USA: Das andere Amerika
Die Stimmung ist gekippt. „Ich hasse Präsident Bush“, durfte Jonathan Chait kürzlich im US-Wochenmagazin „The New Republic“ schreiben: „Ich hasse die Art wie er geht, ich hasse die Art, wie er spricht, ich vermute, wenn ich ihn kennen lernen würde, hasste ich ihn noch mehr.“ Und der da aus seinem Herzen keine Mördergrube machte, ist nicht irgendein radikaler Eiferer, kein linksradikaler Idiot, sondern ein respektierter liberaler Autor. Und er drückt das aus, was heute viele US-Demokraten denken und sich bis vor kurzem nicht zu sagen trauten.

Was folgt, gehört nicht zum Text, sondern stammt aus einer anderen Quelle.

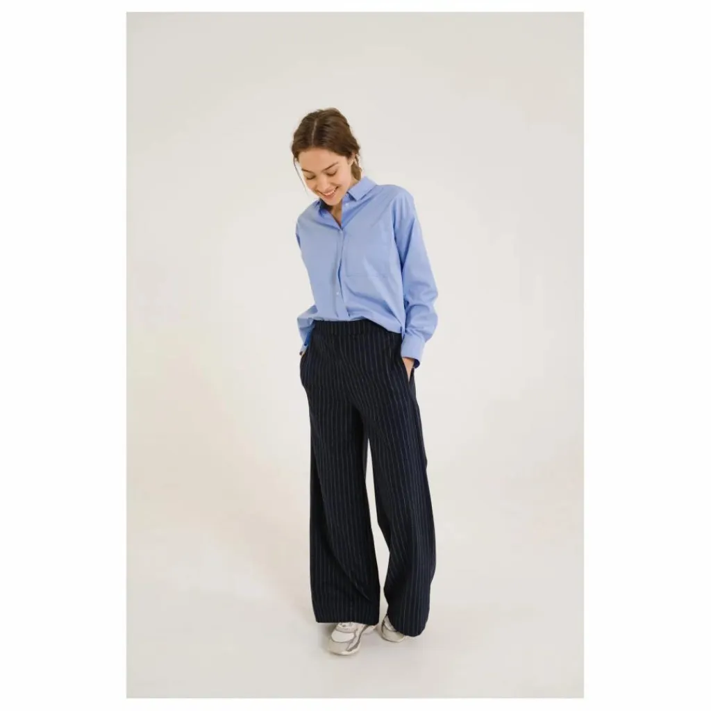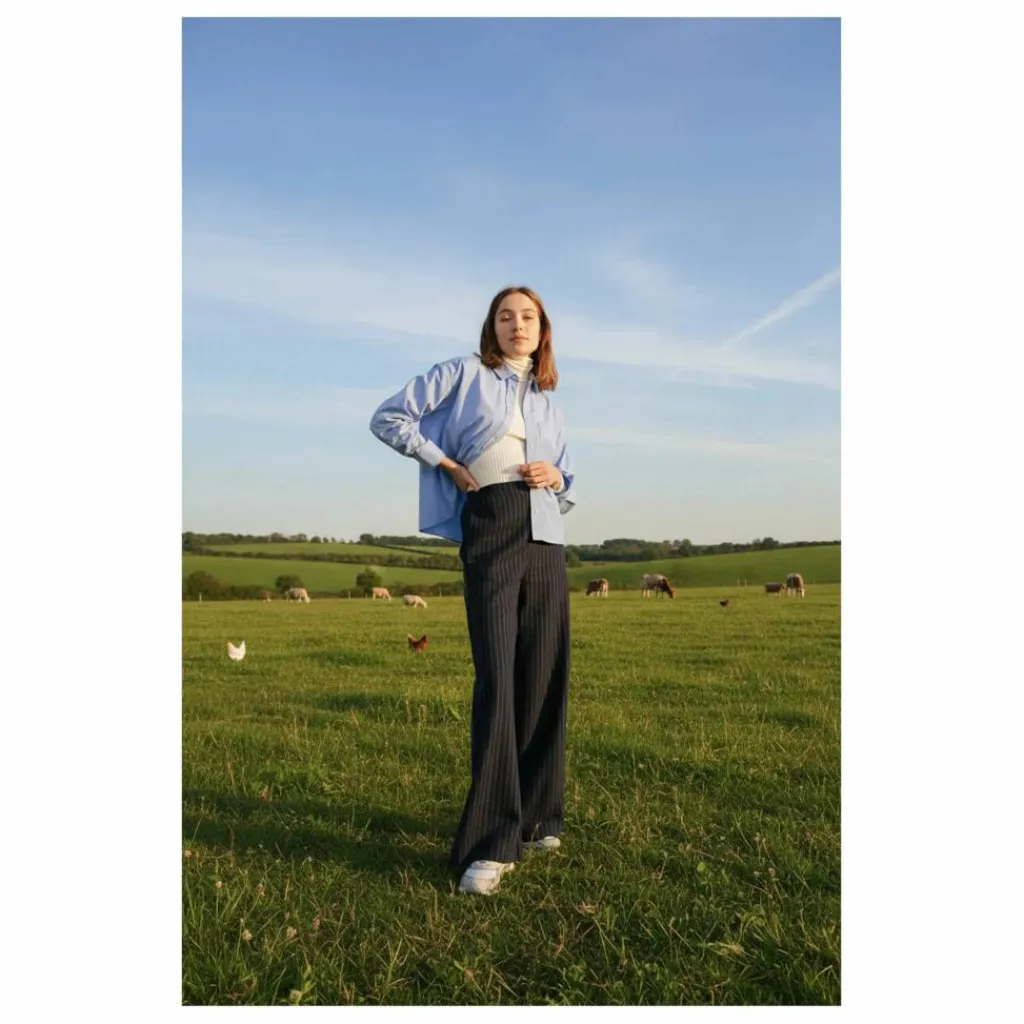 - Chemise courte à manches longues bleu ciel, confectionnée en coton. Inspirée de la chemise d’homme, elle adopte une coupe oversize et se distingue par une poche poitrine plaquée en tissu chiné bleu clair. Col chemise classique, boutonnage apparent et poignets boutonnés pour une allure à la fois structurée et décontractée.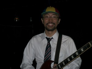 アブラジョーっていう3人組がテンポの良い曲を演っていました。そのリーダーは真中さんとは知り合いらしい口調でノリのいいジョークで笑わせてくれます。暗がりでようやく高橋先生を発見、、助かった。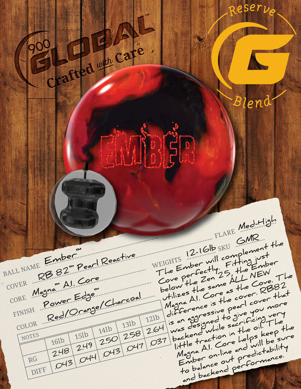 The Ember joins the 800 Series and is designed to complement the Cove to handle medium conditions. The Ember utilizes the same all-new Magna A.I. Core as the Cove but differs in the choice of the cover. The RB 82 Pearl Reactive Coverstock was chosen as a more aggressive cover designed to give you stronger backend motion when you need it.

Mit einem Mal taucht auch die Diagnose von Bushs mangelnder Intelligenz wieder in den Medien auf. „Wir denken noch immer, dass er ziemlich dumm ist – obwohl wir das nicht sagen sollten und gewöhnlich auch nicht sagen“, beschrieb der Kolumnist und frühere Co-Moderator der CNN-Talkshow „Crossfire“, Michael Kinsley, die Verachtung vieler liberaler Amerikaner für den Präsidenten, den öffentlich anzugreifen, sie sich bislang noch scheuten.
Bis weit in den Sommer hinein war Bush tabu. Den Kriegsherrn, der die Nation im Krieg gegen Terrorismus und andere Bösewichter führt, zu kritisieren galt mehr oder weniger als Vaterlandsverrat. Damit ist es vorbei.
Noch vor einem Jahr schien der Mann aus Texas unschlagbar. Ganz oben rangierte er in der Wählergunst, während seine politischen Gegner in der Demokratischen Partei einen desolaten Anblick boten. Eingeschüchtert und konzeptlos, segneten sie sogar das irakische Abenteuer des damals populären Präsidenten ab. Das war einmal: Neueste Umfragen bescheinigen Bush Zustimmungsquoten von bloß noch 50 Prozent. Tendenz weiter fallend. Und den Demokraten wird klar: Der Mann ist zu schlagen.
Die devote Verehrung, mit der die überwältigende Mehrzahl der amerikanischen Medien dem „Kriegspräsidenten Bush“ begegnete, ist mittlerweile einer kritischeren Sicht gewichen. Grundtenor der Analysen in den wichtigsten Medien: Der Präsident lenkt die Vereinigten Staaten sowohl in der Innen- als auch in der Außenpolitik auf gefährliche Irrwege.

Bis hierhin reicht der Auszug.